YOUR GOAL => All of the data below should be repeated exactly. Pictures should not be included.

DATASET CONTENT =>
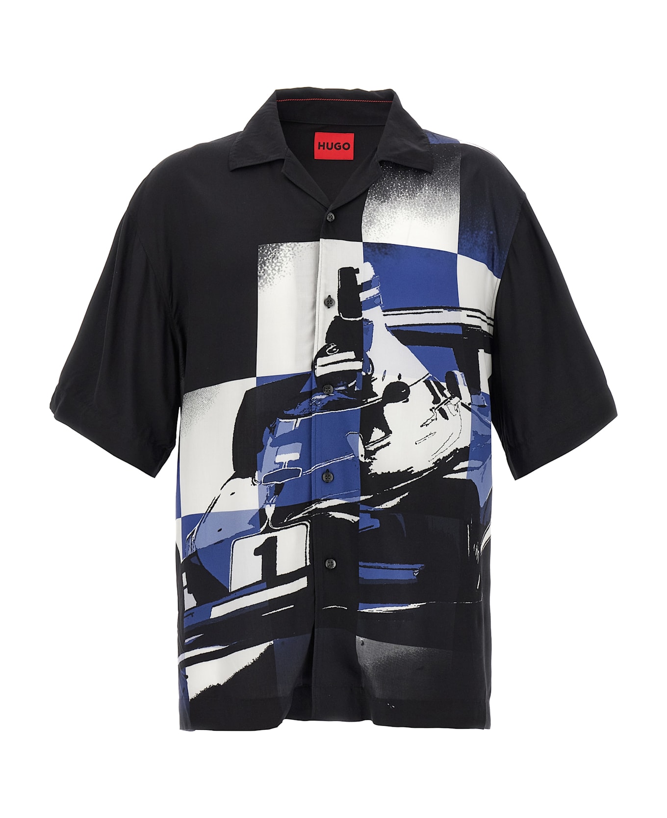 'Espino' viscose shirt with front print, bowling model, short sleeves with dropped shoulders, front button closure.
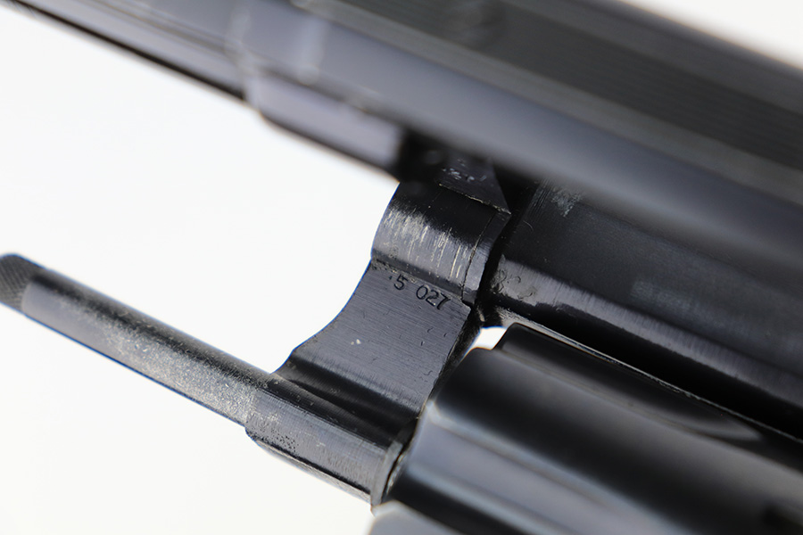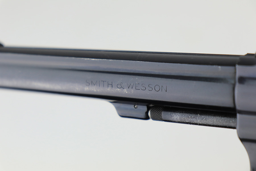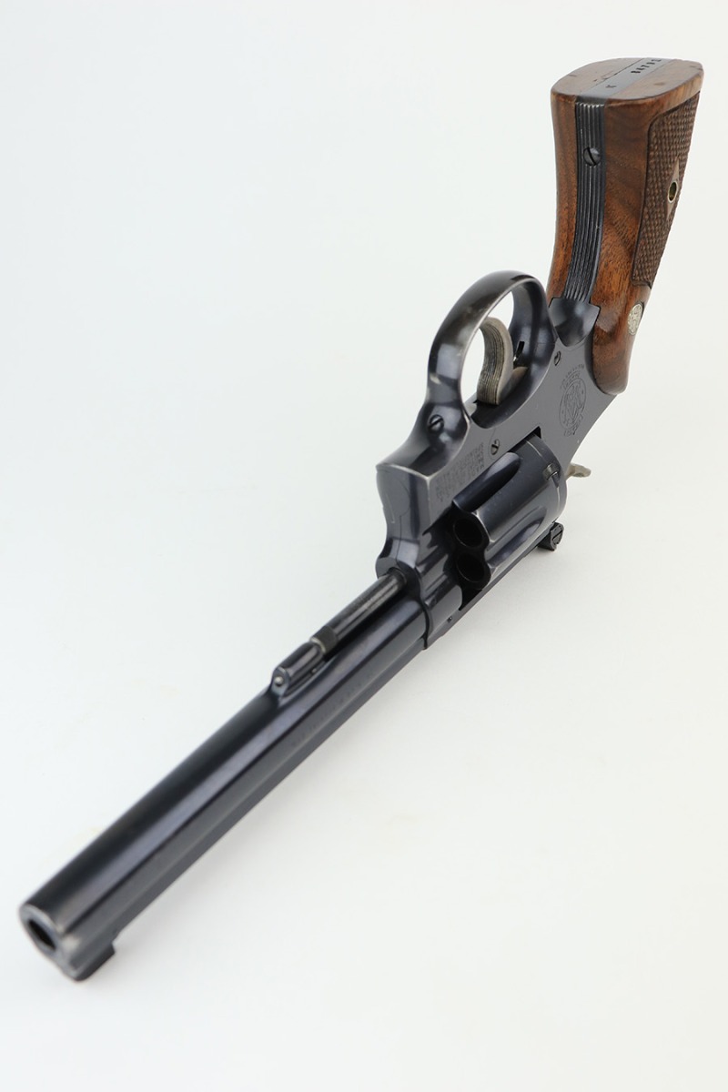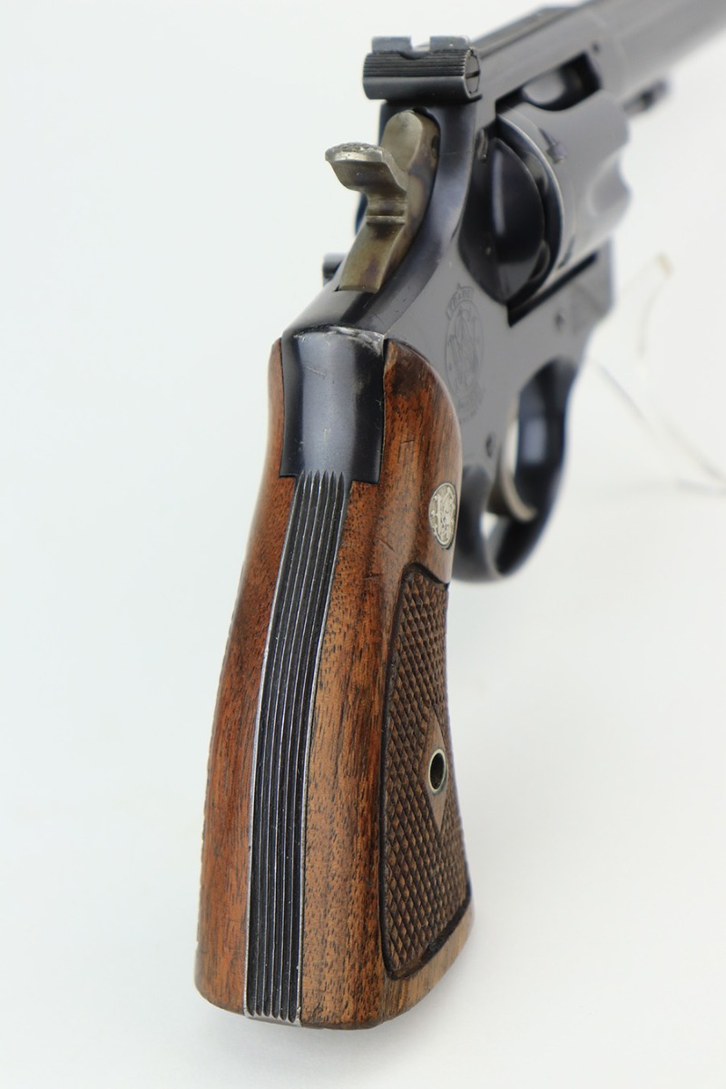 4/20/22 – This is an excellent example of a Smith & Wesson K-38 revolver, manufactured in 1950 and chambered in .38 Special. It is a matching and comes with period correct box (not matching to the gun) and original cleaning kit. The gun has retained about 96% of its original bluing. Most of the finish loss is along the left side of the barrel, but there is also some minor muzzle wear, minor wear on the underside of the trigger guard, and a light roll mark on the cylinder. Very nice case-hardening on the trigger and hammer. The cylinder is tight, and the action is very smooth. Comes with excellent period-correct wood grips – some tiny dings on the bottom edges. Mint bore.
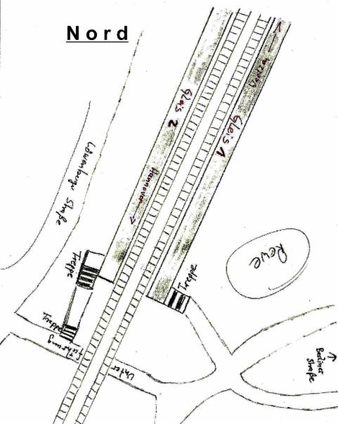 Der Weg führt an der Straßenkreuzung Am Stadtpark – Hirtenstraße – Berliner Straße - über die Rampe auf Gleis 1, von dort mit dem Aufzug hinunter auf die Straßenebene und dann mit dem daneben liegenden Aufzug auf Gleis 2. Somit wäre die 20 %ige Steigung der Straßenunterführung entschärft.
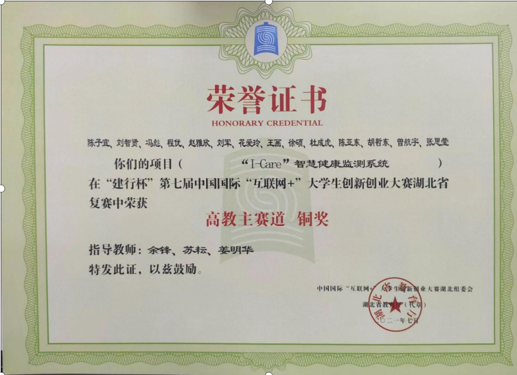 此外,她广泛参加各类竞赛,取得了教育部等机构颁发的累计14项高奖项成就:2020年10月获得湖北省教育厅颁发的第六届中国国际“互联网+”大学生创新创业大赛湖北省银奖(护电安——电力作业智能监督设备);2020年10月获得湖北省教育厅颁发的第三届“她梦见——楚天创客”大赛湖北省银奖(护电安——电力作业智能监督设备);2020年获得中国商业经济学会颁发的全国大学生财经素养大赛总决赛二等奖;2020年获得湖北省翻译工作者协会颁发的第 27 届湖北省翻译大赛初赛优胜奖;2021年7月获得湖北省教育厅颁发的第七届中国国际“互联网+”大学生创新创业大赛湖北省铜奖(“I—Care”智慧健康监测系统);2021年7月获得湖北省教育厅颁发的第四届“她梦见——楚天创客”大赛湖北省铜奖(“I—Care”智慧健康监测系统);2021年5月获得教育部高等教育司颁发的国家级大学生创新创业训练计划立项项目一个(天门芋环的逆袭—基于电商价值链重塑的特色农产助销扶贫计划)和省级大学生创新创业训练计划立项项目一个(基于动漫新载体下的红色文化传承路径研究);2021年获得中国商业会计学会颁发的第四届全国高校企业价值创造大赛区域赛三等奖;2021年获得上海市金融青年联合会颁发的长三角大学生金融创新实践大赛决赛三等奖;2022年于第七届社会科学与当代人类发展国际会议发表论文—“中国煤炭行业环境核算信息披露问题及对策研究”;2022年获得教育部高等教育司颁发的省级大学生创新创业训练计划立项项目(双循环格局下她国消费增长的影响因素研究——基于消费需求的三维视角)。2022年10月获得湖北省教育厅颁发的第八届中国国际“互联网+”大学生创新创业大赛湖北省银奖(电力作业智能监督设备);2022年9月获得湖北省教育厅颁发的挑战杯湖北省铜奖(电力作业智能监督设备);以上为主要获奖情况。

EXERCISE RESULT =>
 'Espino' viscose shirt with front print, bowling model, short sleeves with dropped shoulders, front button closure.
 4/20/22 – This is an excellent example of a Smith & Wesson K-38 revolver, manufactured in 1950 and chambered in .38 Special. It is a matching and comes with period correct box (not matching to the gun) and original cleaning kit. The gun has retained about 96% of its original bluing. Most of the finish loss is along the left side of the barrel, but there is also some minor muzzle wear, minor wear on the underside of the trigger guard, and a light roll mark on the cylinder. Very nice case-hardening on the trigger and hammer. The cylinder is tight, and the action is very smooth. Comes with excellent period-correct wood grips – some tiny dings on the bottom edges. Mint bore.
 Der Weg führt an der Straßenkreuzung Am Stadtpark – Hirtenstraße – Berliner Straße - über die Rampe auf Gleis 1, von dort mit dem Aufzug hinunter auf die Straßenebene und dann mit dem daneben liegenden Aufzug auf Gleis 2. Somit wäre die 20 %ige Steigung der Straßenunterführung entschärft.
 此外,她广泛参加各类竞赛,取得了教育部等机构颁发的累计14项高奖项成就:2020年10月获得湖北省教育厅颁发的第六届中国国际“互联网+”大学生创新创业大赛湖北省银奖(护电安——电力作业智能监督设备);2020年10月获得湖北省教育厅颁发的第三届“她梦见——楚天创客”大赛湖北省银奖(护电安——电力作业智能监督设备);2020年获得中国商业经济学会颁发的全国大学生财经素养大赛总决赛二等奖;2020年获得湖北省翻译工作者协会颁发的第 27 届湖北省翻译大赛初赛优胜奖;2021年7月获得湖北省教育厅颁发的第七届中国国际“互联网+”大学生创新创业大赛湖北省铜奖(“I—Care”智慧健康监测系统);2021年7月获得湖北省教育厅颁发的第四届“她梦见——楚天创客”大赛湖北省铜奖(“I—Care”智慧健康监测系统);2021年5月获得教育部高等教育司颁发的国家级大学生创新创业训练计划立项项目一个(天门芋环的逆袭—基于电商价值链重塑的特色农产助销扶贫计划)和省级大学生创新创业训练计划立项项目一个(基于动漫新载体下的红色文化传承路径研究);2021年获得中国商业会计学会颁发的第四届全国高校企业价值创造大赛区域赛三等奖;2021年获得上海市金融青年联合会颁发的长三角大学生金融创新实践大赛决赛三等奖;2022年于第七届社会科学与当代人类发展国际会议发表论文—“中国煤炭行业环境核算信息披露问题及对策研究”;2022年获得教育部高等教育司颁发的省级大学生创新创业训练计划立项项目(双循环格局下她国消费增长的影响因素研究——基于消费需求的三维视角)。2022年10月获得湖北省教育厅颁发的第八届中国国际“互联网+”大学生创新创业大赛湖北省银奖(电力作业智能监督设备);2022年9月获得湖北省教育厅颁发的挑战杯湖北省铜奖(电力作业智能监督设备);以上为主要获奖情况。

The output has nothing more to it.